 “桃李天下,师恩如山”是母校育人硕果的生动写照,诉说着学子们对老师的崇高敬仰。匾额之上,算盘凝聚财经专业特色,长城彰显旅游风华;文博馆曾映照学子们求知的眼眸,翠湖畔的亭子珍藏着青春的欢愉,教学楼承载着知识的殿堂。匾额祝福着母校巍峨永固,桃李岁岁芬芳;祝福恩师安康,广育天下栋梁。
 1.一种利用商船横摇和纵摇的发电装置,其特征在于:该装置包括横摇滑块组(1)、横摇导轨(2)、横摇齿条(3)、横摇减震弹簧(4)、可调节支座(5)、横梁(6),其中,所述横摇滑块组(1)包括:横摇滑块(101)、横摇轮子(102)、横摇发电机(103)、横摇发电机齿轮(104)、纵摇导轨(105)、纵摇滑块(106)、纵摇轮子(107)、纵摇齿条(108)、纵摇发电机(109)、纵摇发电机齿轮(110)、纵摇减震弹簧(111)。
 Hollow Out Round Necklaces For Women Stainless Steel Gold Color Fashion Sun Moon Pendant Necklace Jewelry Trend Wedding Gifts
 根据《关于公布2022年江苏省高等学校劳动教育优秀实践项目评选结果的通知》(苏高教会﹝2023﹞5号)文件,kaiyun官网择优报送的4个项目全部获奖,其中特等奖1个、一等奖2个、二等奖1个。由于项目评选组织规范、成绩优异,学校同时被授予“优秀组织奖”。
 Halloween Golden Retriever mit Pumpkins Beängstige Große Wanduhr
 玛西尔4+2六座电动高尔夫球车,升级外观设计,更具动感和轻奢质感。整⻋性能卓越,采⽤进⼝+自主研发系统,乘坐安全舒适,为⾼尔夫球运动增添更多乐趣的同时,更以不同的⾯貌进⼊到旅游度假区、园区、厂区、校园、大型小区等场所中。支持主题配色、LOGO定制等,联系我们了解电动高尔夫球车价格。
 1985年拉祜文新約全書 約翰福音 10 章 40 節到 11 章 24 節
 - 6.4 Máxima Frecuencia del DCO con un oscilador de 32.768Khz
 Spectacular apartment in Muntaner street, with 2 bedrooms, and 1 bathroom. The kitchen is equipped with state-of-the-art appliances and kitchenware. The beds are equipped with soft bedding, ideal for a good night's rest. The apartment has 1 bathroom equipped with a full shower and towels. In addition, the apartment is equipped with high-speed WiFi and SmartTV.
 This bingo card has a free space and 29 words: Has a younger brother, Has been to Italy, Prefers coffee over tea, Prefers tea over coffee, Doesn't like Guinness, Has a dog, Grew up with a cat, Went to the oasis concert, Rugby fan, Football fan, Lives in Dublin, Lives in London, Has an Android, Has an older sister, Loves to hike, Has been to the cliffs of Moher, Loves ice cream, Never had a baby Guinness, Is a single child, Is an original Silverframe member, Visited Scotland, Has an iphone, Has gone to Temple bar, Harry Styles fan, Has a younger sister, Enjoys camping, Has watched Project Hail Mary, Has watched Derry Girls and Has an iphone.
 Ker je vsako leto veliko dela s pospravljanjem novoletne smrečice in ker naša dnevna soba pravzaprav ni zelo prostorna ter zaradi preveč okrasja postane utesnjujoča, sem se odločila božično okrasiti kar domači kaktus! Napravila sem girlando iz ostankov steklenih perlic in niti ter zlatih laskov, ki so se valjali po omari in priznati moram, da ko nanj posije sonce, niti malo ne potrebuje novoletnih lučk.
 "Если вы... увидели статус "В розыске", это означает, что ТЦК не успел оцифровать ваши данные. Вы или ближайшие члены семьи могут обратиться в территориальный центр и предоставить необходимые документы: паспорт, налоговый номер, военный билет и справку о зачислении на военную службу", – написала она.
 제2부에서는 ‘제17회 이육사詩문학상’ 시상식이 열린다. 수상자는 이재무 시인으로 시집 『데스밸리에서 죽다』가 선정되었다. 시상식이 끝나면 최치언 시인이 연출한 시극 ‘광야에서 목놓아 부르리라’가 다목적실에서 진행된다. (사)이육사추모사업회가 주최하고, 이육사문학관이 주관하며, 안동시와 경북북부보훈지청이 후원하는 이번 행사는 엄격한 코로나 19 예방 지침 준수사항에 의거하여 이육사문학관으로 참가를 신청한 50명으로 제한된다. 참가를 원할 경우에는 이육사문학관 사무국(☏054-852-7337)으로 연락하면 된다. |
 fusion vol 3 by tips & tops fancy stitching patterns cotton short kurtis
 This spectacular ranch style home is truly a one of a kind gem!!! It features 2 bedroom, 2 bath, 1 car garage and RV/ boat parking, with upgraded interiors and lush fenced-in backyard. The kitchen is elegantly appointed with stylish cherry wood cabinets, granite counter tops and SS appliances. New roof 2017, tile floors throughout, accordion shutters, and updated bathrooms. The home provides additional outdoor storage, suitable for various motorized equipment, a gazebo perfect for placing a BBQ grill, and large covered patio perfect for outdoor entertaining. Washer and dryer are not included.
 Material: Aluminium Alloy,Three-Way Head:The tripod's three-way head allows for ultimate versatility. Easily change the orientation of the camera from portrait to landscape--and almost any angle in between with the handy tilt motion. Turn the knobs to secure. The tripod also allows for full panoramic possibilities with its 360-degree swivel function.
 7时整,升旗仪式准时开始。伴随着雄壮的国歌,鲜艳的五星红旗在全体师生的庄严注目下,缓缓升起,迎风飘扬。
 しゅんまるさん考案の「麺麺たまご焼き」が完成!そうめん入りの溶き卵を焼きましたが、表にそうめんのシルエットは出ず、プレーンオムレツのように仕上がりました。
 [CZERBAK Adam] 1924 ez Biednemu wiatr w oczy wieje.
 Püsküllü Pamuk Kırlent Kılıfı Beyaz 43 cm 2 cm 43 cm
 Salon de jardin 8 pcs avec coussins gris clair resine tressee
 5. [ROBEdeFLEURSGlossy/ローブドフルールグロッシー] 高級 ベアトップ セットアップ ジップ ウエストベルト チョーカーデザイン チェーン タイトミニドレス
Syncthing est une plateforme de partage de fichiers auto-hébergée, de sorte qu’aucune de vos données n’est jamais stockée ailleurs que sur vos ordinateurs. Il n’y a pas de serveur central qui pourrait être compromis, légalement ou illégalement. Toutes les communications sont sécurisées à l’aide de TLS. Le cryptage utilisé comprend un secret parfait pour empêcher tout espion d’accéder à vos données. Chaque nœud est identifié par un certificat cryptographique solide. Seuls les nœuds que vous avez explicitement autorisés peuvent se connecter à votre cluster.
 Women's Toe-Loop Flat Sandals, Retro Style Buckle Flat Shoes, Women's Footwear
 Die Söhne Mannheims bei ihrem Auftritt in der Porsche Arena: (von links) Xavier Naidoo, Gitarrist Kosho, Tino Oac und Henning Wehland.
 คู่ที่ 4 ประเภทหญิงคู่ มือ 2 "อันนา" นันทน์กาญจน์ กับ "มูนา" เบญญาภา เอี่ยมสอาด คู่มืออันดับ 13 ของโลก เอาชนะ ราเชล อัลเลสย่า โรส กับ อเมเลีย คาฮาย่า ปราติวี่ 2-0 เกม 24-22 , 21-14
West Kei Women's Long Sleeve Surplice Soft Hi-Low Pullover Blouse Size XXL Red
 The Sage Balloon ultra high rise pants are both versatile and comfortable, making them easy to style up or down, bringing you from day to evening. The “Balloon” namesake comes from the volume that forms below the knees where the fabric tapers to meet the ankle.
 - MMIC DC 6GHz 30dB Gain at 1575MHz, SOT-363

What this task involves.
Which lines of the data include the string "Women"? Copy each of them.

Result for this task.
 Hollow Out Round Necklaces For Women Stainless Steel Gold Color Fashion Sun Moon Pendant Necklace Jewelry Trend Wedding Gifts
 Women's Toe-Loop Flat Sandals, Retro Style Buckle Flat Shoes, Women's Footwear
West Kei Women's Long Sleeve Surplice Soft Hi-Low Pullover Blouse Size XXL Red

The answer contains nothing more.